752 When dealing with an allTheSame tuple, a choose result of spgMatchNode
753 is interpreted to mean that the new value can be assigned to any of the
754 equivalent nodes; the core code will ignore the supplied nodeN value
755 and descend into one of the nodes at random (so as to keep the tree
756 balanced). It is an error for choose to return spgAddNode, since that
757 would make the nodes not all equivalent; the spgSplitTuple action must
758 be used if the value to be inserted doesn't match the existing nodes.

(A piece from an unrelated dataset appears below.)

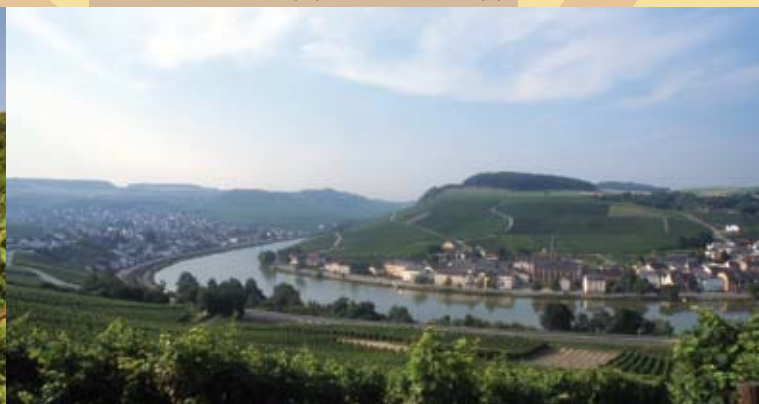
Obermosel: Nittel (D) und Machtum (L)

Les vins de la vallée de la Moselle, du Gris de Toul français au Riesling des versants escarpés allemands en passant par le Crémant de Luxembourg, sont le reflet de cette richesse culturelle qui s'appuie sur des procédés vitivinicols et un encépagement traditionnels. Des vins d'une même origine, issus de trois pays différents : unique en Europe.

760 When dealing with an allTheSame tuple, the inner_consistent function
761 should return either all or none of the nodes as targets for continuing
762 the index search, since they are all equivalent. This may or may not
763 require any special-case code, depending on how much the
764 inner_consistent function normally assumes about the meaning of the
769 The PostgreSQL source distribution includes several examples of index
770 operator classes for SP-GiST, as described in Table 65.2. Look into
771 src/backend/access/spgist/ and src/backend/utils/adt/ to see the code.